• [YOUR INSTRUCTIONS]
Transcribe the entries below word for word, beginning at the line with "the rear lips, first" and stopping after the line with "Konektor Cepat Kawat"; drop all pictures.

• [EXERCISE INPUT]
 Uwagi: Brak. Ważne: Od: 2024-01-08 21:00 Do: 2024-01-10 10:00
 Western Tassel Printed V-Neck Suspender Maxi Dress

==

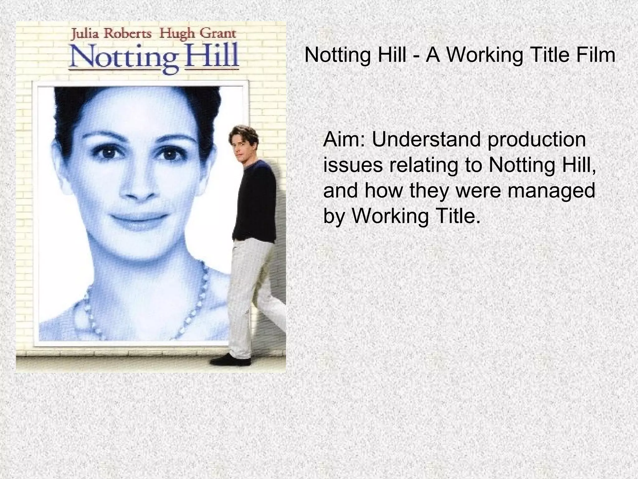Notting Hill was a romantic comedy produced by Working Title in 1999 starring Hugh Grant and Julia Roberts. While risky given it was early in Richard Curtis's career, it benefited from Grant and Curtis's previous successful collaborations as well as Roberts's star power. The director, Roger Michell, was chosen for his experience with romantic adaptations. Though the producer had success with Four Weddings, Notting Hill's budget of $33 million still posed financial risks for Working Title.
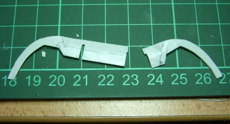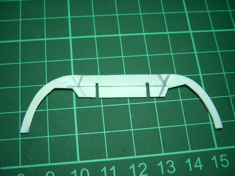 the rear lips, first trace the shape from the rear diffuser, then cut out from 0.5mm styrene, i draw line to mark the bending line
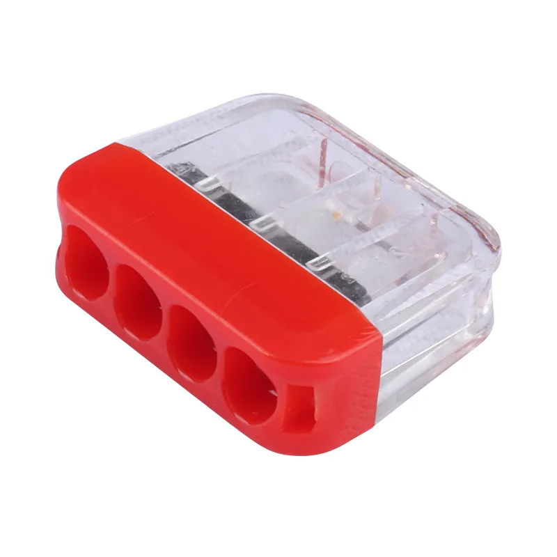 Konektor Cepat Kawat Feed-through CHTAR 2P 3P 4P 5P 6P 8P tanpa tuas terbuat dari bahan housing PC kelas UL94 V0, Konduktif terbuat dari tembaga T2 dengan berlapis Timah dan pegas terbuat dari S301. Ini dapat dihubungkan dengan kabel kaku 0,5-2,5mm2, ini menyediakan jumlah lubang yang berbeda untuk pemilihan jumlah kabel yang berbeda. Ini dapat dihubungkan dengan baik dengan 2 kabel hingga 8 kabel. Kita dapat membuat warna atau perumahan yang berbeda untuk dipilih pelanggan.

• [TASK SOLUTION]
 the rear lips, first trace the shape from the rear diffuser, then cut out from 0.5mm styrene, i draw line to mark the bending line
 Konektor Cepat Kawat Feed-through CHTAR 2P 3P 4P 5P 6P 8P tanpa tuas terbuat dari bahan housing PC kelas UL94 V0, Konduktif terbuat dari tembaga T2 dengan berlapis Timah dan pegas terbuat dari S301. Ini dapat dihubungkan dengan kabel kaku 0,5-2,5mm2, ini menyediakan jumlah lubang yang berbeda untuk pemilihan jumlah kabel yang berbeda. Ini dapat dihubungkan dengan baik dengan 2 kabel hingga 8 kabel. Kita dapat membuat warna atau perumahan yang berbeda untuk dipilih pelanggan.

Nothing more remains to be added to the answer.